Nilles is a German drummer, composer, and producer who has a popular YouTube channel and previously toured with Jeff Beck in 2022, performing over 60 shows as his drummer. Lee had already tipped his hand about his admiration for her. “She played on the last Jeff Beck tour, and I thought she was terrific,” Lee told the Guardian in 2023. Gold, meanwhile, brings his own distinguished résumé — he has toured extensively with The Who and Roger Daltrey.
The weight of the occasion was not lost on Lee, who addressed the elephant in the room — Neil Peart — with characteristic directness and unexpected humor. “Neil is irreplaceable,” he told reporters afterward, “and if he had something to say to us right now, he’d probably say, ‘You guys are idiots.’” He paused, then added: “But, you know, music lives beyond tragedy, beyond anything that can happen in your life.”

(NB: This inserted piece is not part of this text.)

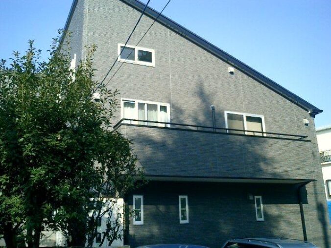 木造2階建ての落ち着いた外観。グレーを基調としたスタイリッシュなデザインで、清潔感があります。周辺は車の通りも少なく、安心してお散歩できる環境です。
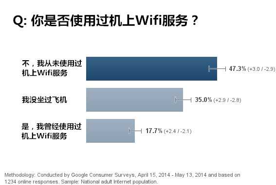 本次研究通过Google Consumer Surveys以调查问卷的形式进行。受访者需要首先回答一个筛选性问题:“你是否使用过机上Wifi服务?”,选择“是”的受访者将继续回答自己使用该服务的目的是什么,如工作、娱乐或通信。

That line — music lives beyond tragedy — is the emotional center of everything happening around Rush right now. Peart died on January 7, 2020, after a three-and-a-half-year battle with brain cancer, at the age of 67. In the immediate aftermath, the future of Rush as a band seemed definitively closed. Lifeson said at the time: “There’s no way Rush will ever exist again, because Neil’s not here to be a part of it. That’s not to say that we can’t do other things, and we can’t do things that benefit our communities and all of that.” Lee and Lifeson confirmed in 2018 — even before Peart’s death — that the band had effectively disbanded.
Then something shifted. In October of 2025, Lee and Lifeson announced the Fifty Something tour, which quickly expanded from multiple nights in a few North American cities to an 86-date world tour. Their announcement was candid and deeply personal. “It’s been over 10 years since Alex and I have performed the music of Rush alongside our fallen bandmate and friend Neil,” they wrote. “A lifetime’s worth of songs that we had put our cumulative hearts and souls into writing, recording and playing together onstage. And so, after all that has gone down since that last show, Alex and I have done some serious soul searching and come to the decision that we f***ing miss it, and that it’s time for a celebration of 50-something years of Rush music.”
The response was overwhelming — the initial 22 dates sold out immediately, which encouraged additional shows, resulting in a total of 58 shows in 24 cities and over half a million tickets sold for 2026 alone. Lee elaborated on the creative energy building inside the rehearsal room: “We can’t wait to get back to all these cities we haven’t played in so long, as well as hitting some new places we’ve yet to play. Both Alex and I are loving the hours of rehearsal time we’re spending with Anika and now Loren, learning around 40 songs which will enable us to keep the shows evolving, playing some different songs on different nights.”
Rush have a long and decorated history with the Junos — they won Group of the Year back-to-back in 1978 and 1979 and have taken home 10 Juno Awards in total, including the inaugural award for best hard rock and metal album in 1991 for Presto. Beyond Canada, the band’s legacy is staggering — over 45 million albums sold worldwide, seven Grammy Award nominations, billions of streams, and induction into the Canadian Music Hall of Fame, the Rock and Roll Hall of Fame, and the Canadian Songwriters Hall of Fame. They are notably recognized for achieving the third most consecutive gold and platinum studio albums by a rock band behind only the Beatles and the Rolling Stones.

The Fifty Something tour kicks off June 7, 2026, with a four-night stand at the Forum in Los Angeles — the same venue where Rush played its final show with Peart on August 1, 2015. That is not a coincidence. It is a full circle. And the Juno Awards performance — one song, one night, one packed arena — was the opening act for all of it.